**DATA FOR REVIEW**.
§ §

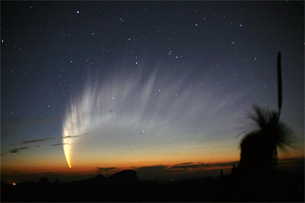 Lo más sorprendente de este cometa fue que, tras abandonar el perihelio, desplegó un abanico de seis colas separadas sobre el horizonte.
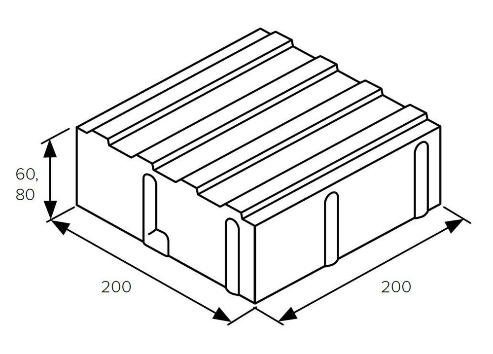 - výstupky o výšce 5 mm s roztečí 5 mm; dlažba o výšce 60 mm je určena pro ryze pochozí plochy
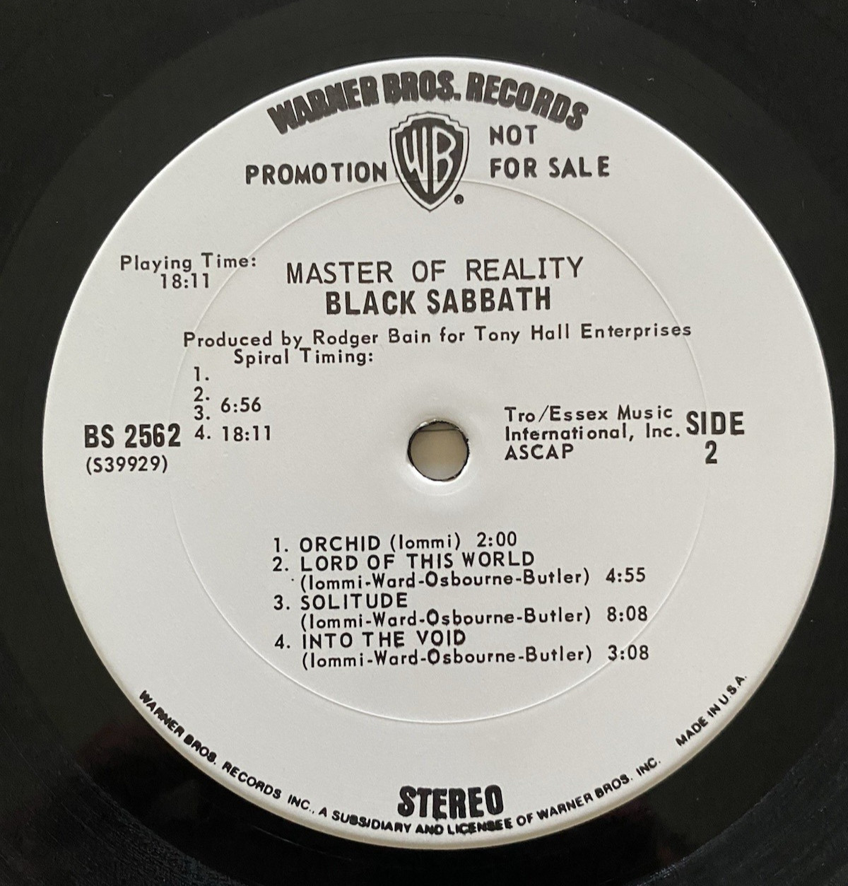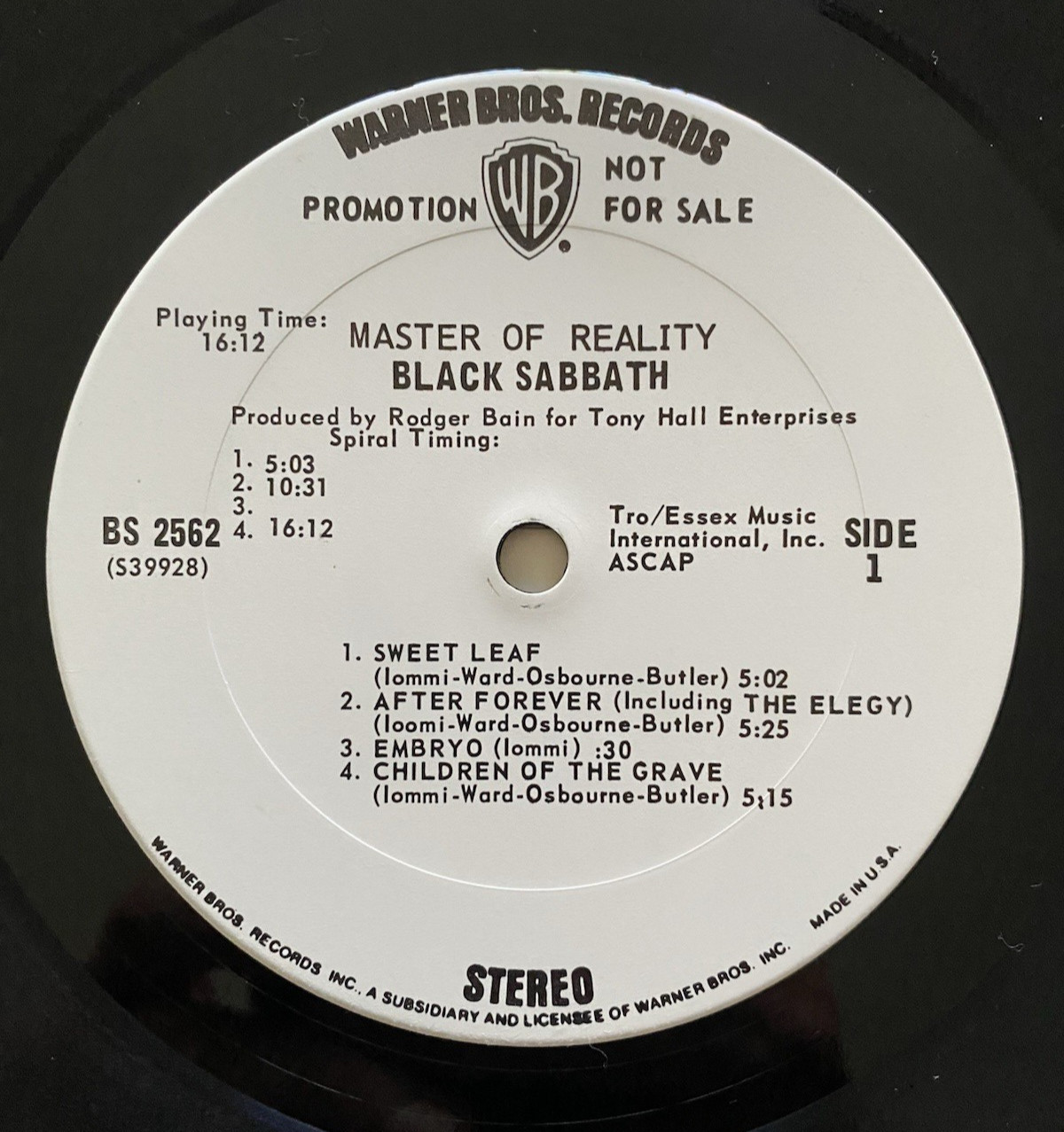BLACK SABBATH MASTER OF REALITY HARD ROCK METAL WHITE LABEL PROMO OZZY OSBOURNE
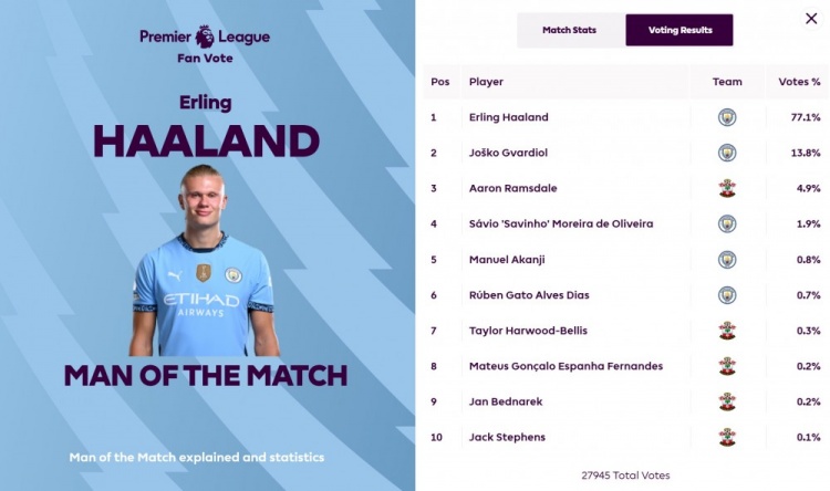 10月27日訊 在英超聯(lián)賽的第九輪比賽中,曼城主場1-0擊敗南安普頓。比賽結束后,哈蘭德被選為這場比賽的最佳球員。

§ §

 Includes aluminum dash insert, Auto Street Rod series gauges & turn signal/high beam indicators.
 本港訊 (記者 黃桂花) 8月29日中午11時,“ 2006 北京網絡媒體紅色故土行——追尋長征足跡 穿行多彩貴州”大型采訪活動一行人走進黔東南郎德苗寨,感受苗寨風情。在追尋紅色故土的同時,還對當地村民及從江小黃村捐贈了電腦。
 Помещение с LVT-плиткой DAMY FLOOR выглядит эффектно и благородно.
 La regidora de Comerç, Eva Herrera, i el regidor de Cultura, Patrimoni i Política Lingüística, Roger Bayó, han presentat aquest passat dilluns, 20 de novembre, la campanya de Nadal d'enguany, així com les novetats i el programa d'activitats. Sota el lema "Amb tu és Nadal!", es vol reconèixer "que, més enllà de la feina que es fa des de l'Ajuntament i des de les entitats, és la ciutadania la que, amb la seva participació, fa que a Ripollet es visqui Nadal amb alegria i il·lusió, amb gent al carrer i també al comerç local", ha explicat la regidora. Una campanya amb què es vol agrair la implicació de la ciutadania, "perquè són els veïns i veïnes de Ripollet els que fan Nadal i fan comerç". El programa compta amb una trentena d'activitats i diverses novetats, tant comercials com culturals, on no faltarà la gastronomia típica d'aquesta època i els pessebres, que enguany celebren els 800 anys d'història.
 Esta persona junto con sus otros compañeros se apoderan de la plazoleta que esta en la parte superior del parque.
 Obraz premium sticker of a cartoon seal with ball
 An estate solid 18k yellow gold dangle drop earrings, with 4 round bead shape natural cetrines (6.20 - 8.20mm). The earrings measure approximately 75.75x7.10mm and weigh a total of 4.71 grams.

§ §

**WORK INSTRUCTIONS**. Scan the material above for the string "with" and return the lines that hold it.

**OUTPUT FOR THIS TASK**.
 Obraz premium sticker of a cartoon seal with ball
 An estate solid 18k yellow gold dangle drop earrings, with 4 round bead shape natural cetrines (6.20 - 8.20mm). The earrings measure approximately 75.75x7.10mm and weigh a total of 4.71 grams.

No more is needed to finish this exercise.